Model

Detection Module

We adopted both deterministic ODE-based and stochastic Gillespie-based methods to optimize our parameters through repeated comparison between these two, and ultimately, to simulate the process of our bacteria detecting the psychoactive ingredient Δ9-THC as accurately as possible.

Degradation Module

Moreover, the deterministic ODE-based model for Degradation Module, was constructed and integrated into the Detection system since degradation of Δ9-THC starts once detection pathway is activated, and detection pathway is inactivated when Δ9-THC is low because of degradation. And we managed to achieve great coherence between the 2 modules.

Suicide Module

We built a reaction-diffusion model incorporating spatial aspects to simulate and furthermore predict the process of intestinal arabinose diffusion and CcdB expression for the arabinose-induced pathway, and an ODE-based modified GFP model to fit and obtain the RBS efficiency and to estimate MazF threshold for the MazEF-mediated pathway based on data gained from experiment.

Quorum Sensing Module

Quorum sensing is a process of cell-cell communication that allows bacteria to share information about cell density and adjust gene expression accordingly.
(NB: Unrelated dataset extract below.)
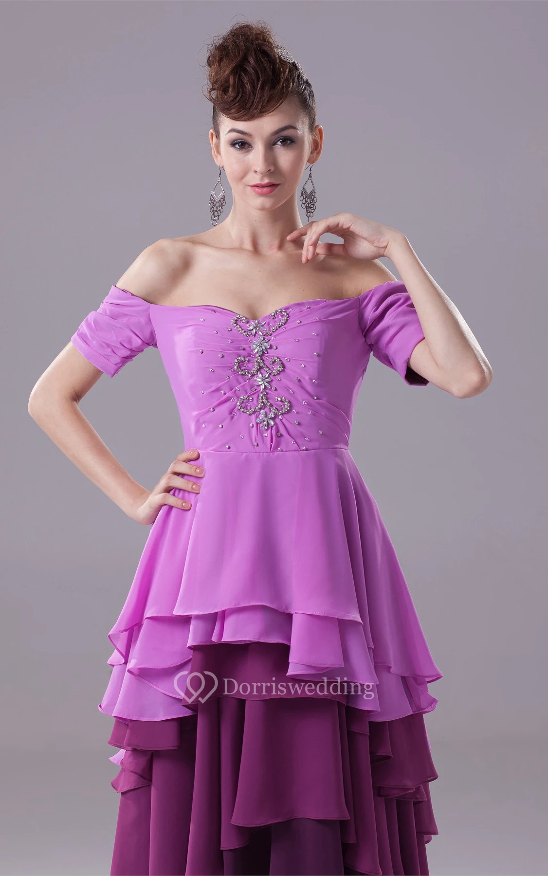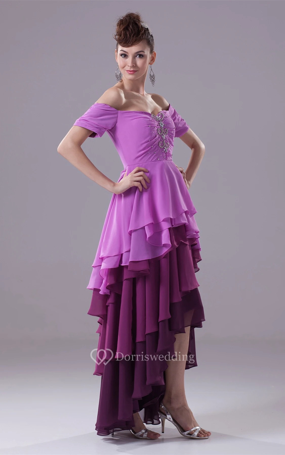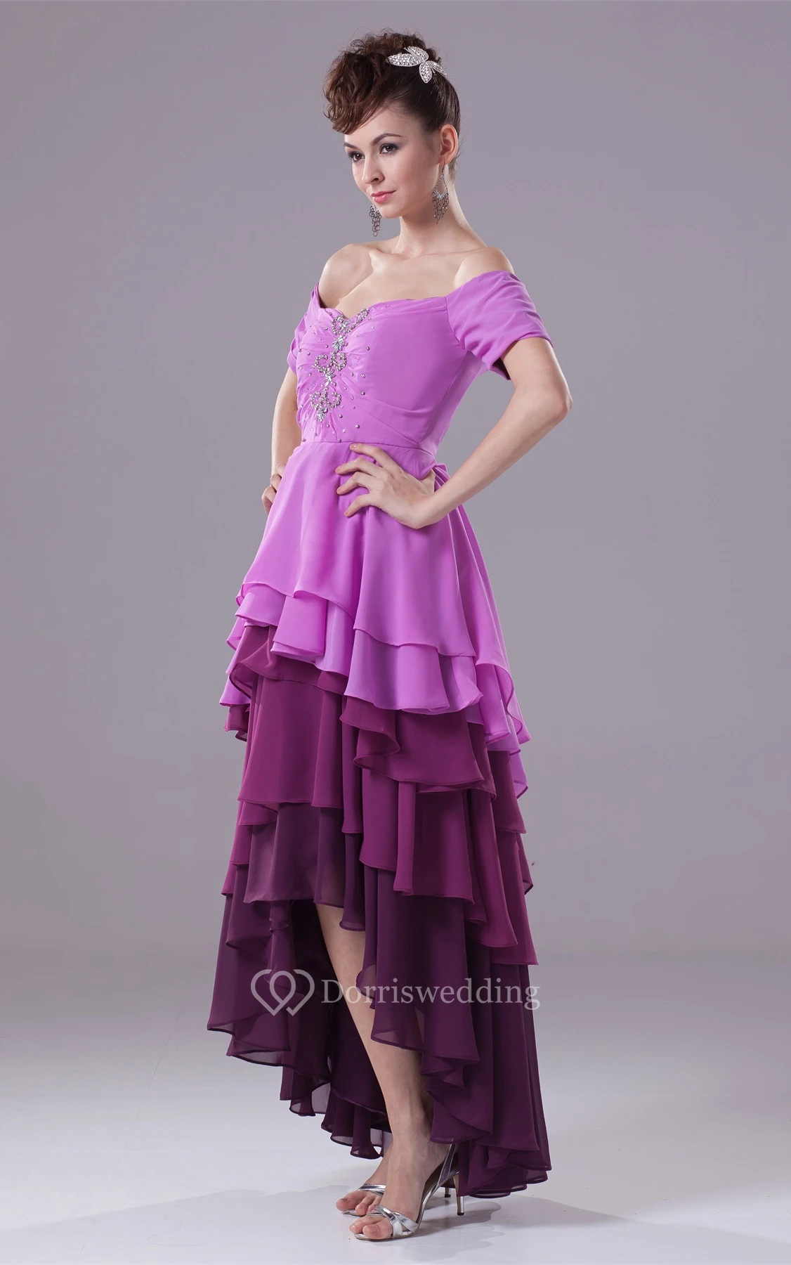 Asymmetrical Off the Shoulder Sleeveless Gown With Tiered Ruffle and Beadings

Quorum sensing bacteria produce and release chemical signal molecules called autoinducers that increase in concentration as a function of cell density. Here, E.coli uses acylated homoserine lactones (AHL) as autoinducers.

Throughout the modelling process, we are able to validate the feasibility of our whole project design, and further achieve an excellent interaction with biological experiment and mathematical model.